2016/01/19 23:04:01 [crit] 1112#0: ngx_slab_alloc() failed: no memory
2016/01/19 23:04:01 [error] 1112#0: *216475 push stream module: unable to allocate message in shared memory, client: 111.222.113.114, server: , request: "POST /push/pub?id=c4d1be88768aa51a15f1beb0eu5386568bf93a5f2f261efb93 HTTP/1.1", host: "push.host.com"
wandenberg commented 8 years ago

Hi @rmihael the lack of memory can be that you set a small memory to the needs of your application, or due to a misinterpretation of the payload size that result in a big number, but non-negative. We can set to always log the payload size and check if all of it are in the expected size. If yes, may be necessary to adjust your configurations. If not, may be that just moving back to the 876508f really solve the wrong parser of payload size. What do you think? Can we do this test?

rmihael commented 8 years ago

During past few days we saw the following errors:

2016/01/21 18:42:31 [crit] 20706#0: ngx_slab_alloc() failed: no memory
2016/01/21 18:42:31 [alert] 20706#0: ngx_slab_free(): pointer to wrong chunk
2016/01/21 18:42:31 [error] 20706#0: *51819 push stream module: unable to allocate message in shared memory, client: 10.83.10.24, server: , request: "POST /push/pub?id=c4c2118ad5
4397f271b000000u4c21187154397f270a000001 HTTP/1.1", host: "host.com"
2016/01/23 00:15:50 [crit] 20707#0: ngx_slab_alloc() failed: no memory
2016/01/23 00:15:50 [alert] 20707#0: ngx_slab_free(): outside of pool
2016/01/23 00:15:50 [alert] 20707#0: ngx_slab_free(): pointer to wrong chunk
2016/01/23 00:15:50 [alert] 20707#0: ngx_slab_free(): pointer to wrong page
2016/01/23 00:15:50 [error] 20707#0: *91021 push stream module: unable to allocate message in shared memory, client: 10.30.9.176, server: , request: "POST /push/pub?id=c4c2118ad54397f271b000000u4c21187154397f270a000001 HTTP/1.1", host: "host.com"
2016/01/27 13:46:04 [crit] 20706#0: ngx_slab_alloc() failed: no memory
2016/01/27 13:46:04 [error] 20706#0: *200800 push stream module: unable to allocate message in shared memory, client: 10.204.142.145, server: , request: "POST /push/pub?id=c4c65bc2106d795162e000038u4c65bc2106d795162e000036 HTTP/1.1", host: "host.com"
2016/01/27 13:46:04 [error] 20706#0: *200801 push stream module: unable to allocate message in shared memory, client: 10.204.142.145, server: , request: "POST /push/pub?id=c4c65bc2106d795162e000038u4c65bc2106d795162e000036 HTTP/1.1", host: "host.com"
2016/01/27 13:47:32 [alert] 20707#0: ngx_slab_free(): page is already free

That's happening on baa1e9a.

I would be happy to track it down. We can deploy version with more verbose logging if you provide one.

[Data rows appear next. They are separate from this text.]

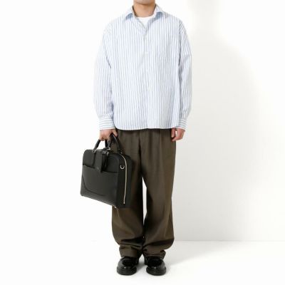 牛革に水シボ柄の型押しを施した、傷が目立ちにくいレザーを使用。ペッレモルビダらしいやわらかな風合いを保ちつつある程度の自立性を持っています。表面の凸の部分には、一つ一つ手作業で”頭張り”と呼ばれる色付け作業をし、同系色で2トーンのように見える表情が生まれています。光によって微細に変わる美しい発色が大人の色気を演出する素材です。内装はマイクロライトスエードで心地よい肌触りに。スーパーホワイト加工によって輝く金具がアクセントになっています。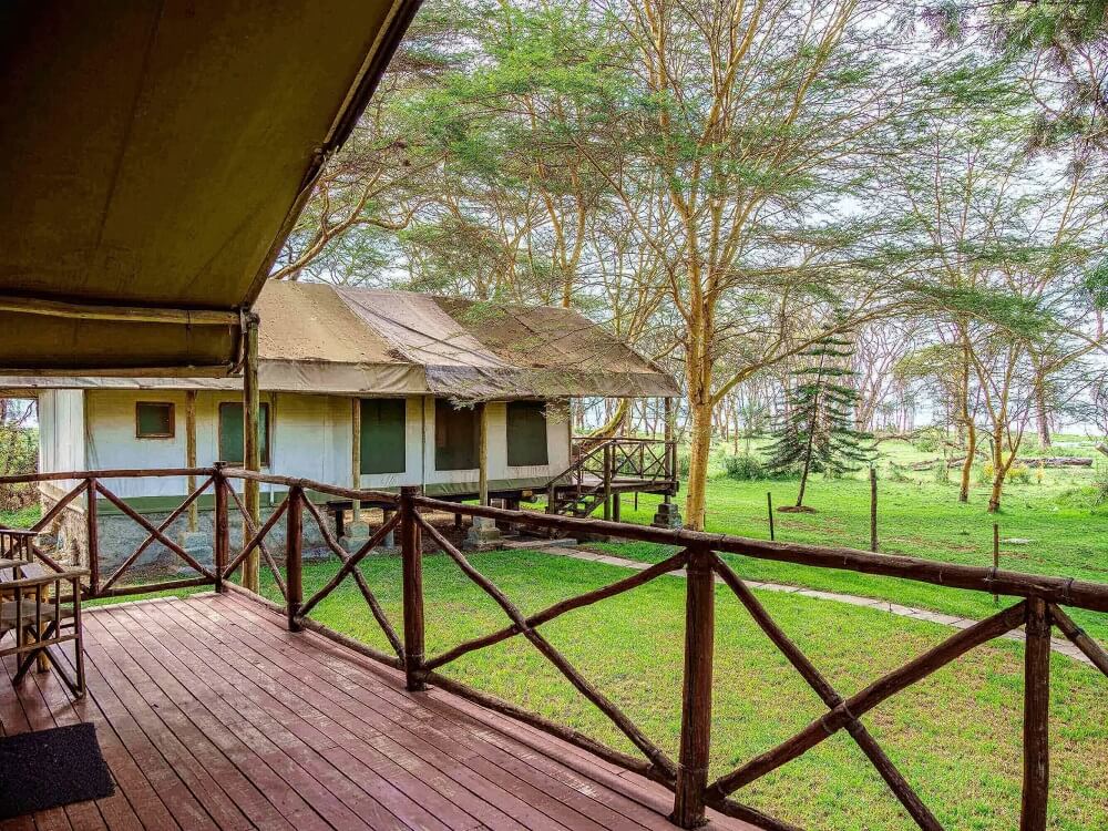 Located in the northern part of the park, Flamingo Hill Tented Camp provides an exclusive, serene stay with sweeping views of Lake Nakuru. The camp features 25 spacious, furnished tents, each equipped with: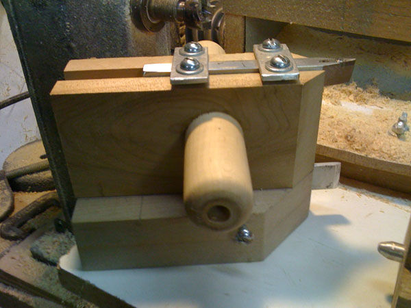 As far as getting the cutter height exact, you can do it with shims. The groove is pretty tight side to side on my sled but about 1/8" too deep for the tool holder. I have a small block of maple in the groove as well as a couple of shims to tweak it to the correct height. The shims are made out of some stainless I had leftover from making lips. Everything locks down tight and works great. You can see the end of the wooden shim sticking out of the groove at the back of the sled in the photo on the right. The 4 #12 screws hold everything firmly in place.

wandenberg commented 8 years ago

Hi @rmihael can you test the commit 8d70918c14a8a74fcebe0f21b3a7019aff905ade ? I fixed a potencial error point during message template apply process. And added some log messages to help us investigate the problem. Which value have you set for shared message size? My guess is that it is not compatible with the publish message rate of your application. Do you have a hangout or skype user?

rmihael commented 8 years ago

Hi @wandenberg, sorry for not responding, I was away for a few days.

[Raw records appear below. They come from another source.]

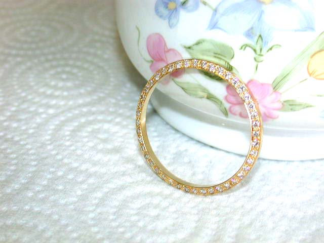 18k Yellow Gold Bezel. With Diamonds of 1.00 carat in G color and VS clarity and the Diameter is 1 and 1/16 inches and weigh 5.3 grams.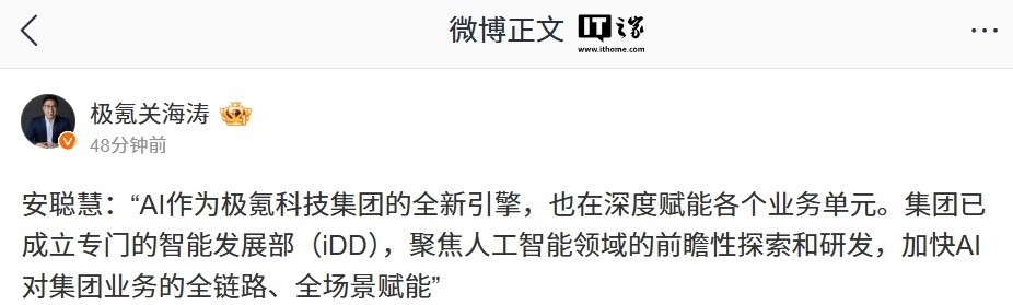 极氪智能科技 CMO 关海涛今日分享了吉利控股集团总裁、极氪智能科技 CEO 安聪慧的发言:“AI 作为极氪科技集团的全新引擎,也在深度赋能各个业务单元。集团已成立专门的智能发展部(iDD),聚焦人工智能领域的前瞻性探索和研发,加快 AI 对集团业务的全链路、全场景赋能。”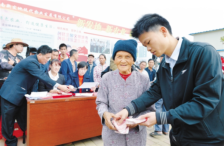 今年5月,新发地公司和龙华区政府共同制定了“3+X”帮扶方案,并于6月初发动贫困户签订了第一批扶贫入股分红协议,按农户入股1万元,取得1亩地的收益分红,公司承诺每年每亩不低于4000元的保底分红。今年受两次台风影响,蔬菜大棚受淹严重,收益未达4000元以上,但为了让贫困群众过好年,新发地公司兑现承诺,提前发放保底分红。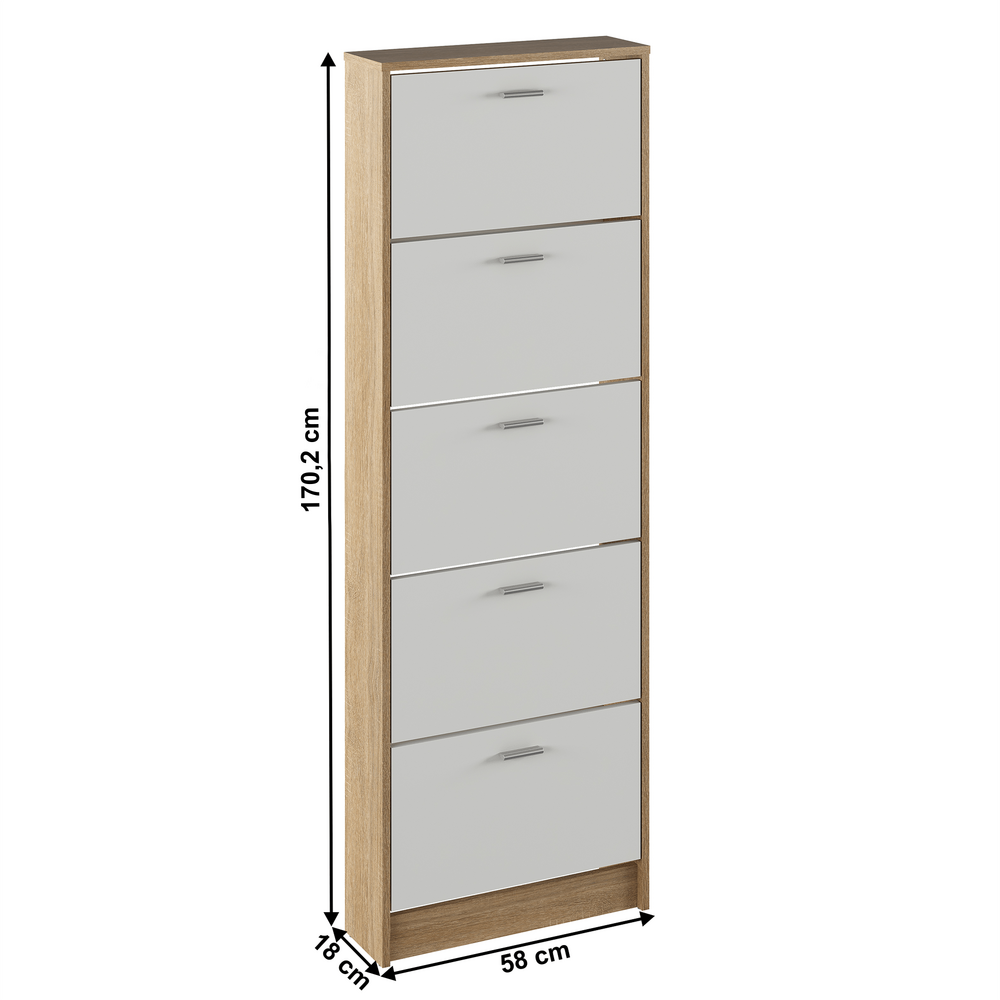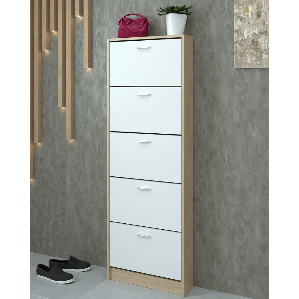 Dulap pantofi, 5 rafturi, stejar sonoma/ alb, MOBI 15

Today we deployed 8d70918. No errors so far and no relevant log messages. Shared memory size set to 64M. We can increase it, but out messages traffic is fairy low (peaking at 100 per 5 minutes), so I don't think that we are really hitting this limit. Payload size is small: all messages are below 40K and 90% are below 2K.

I'm mykhailo.korbakov on Skype and available for a chat during European day and evening.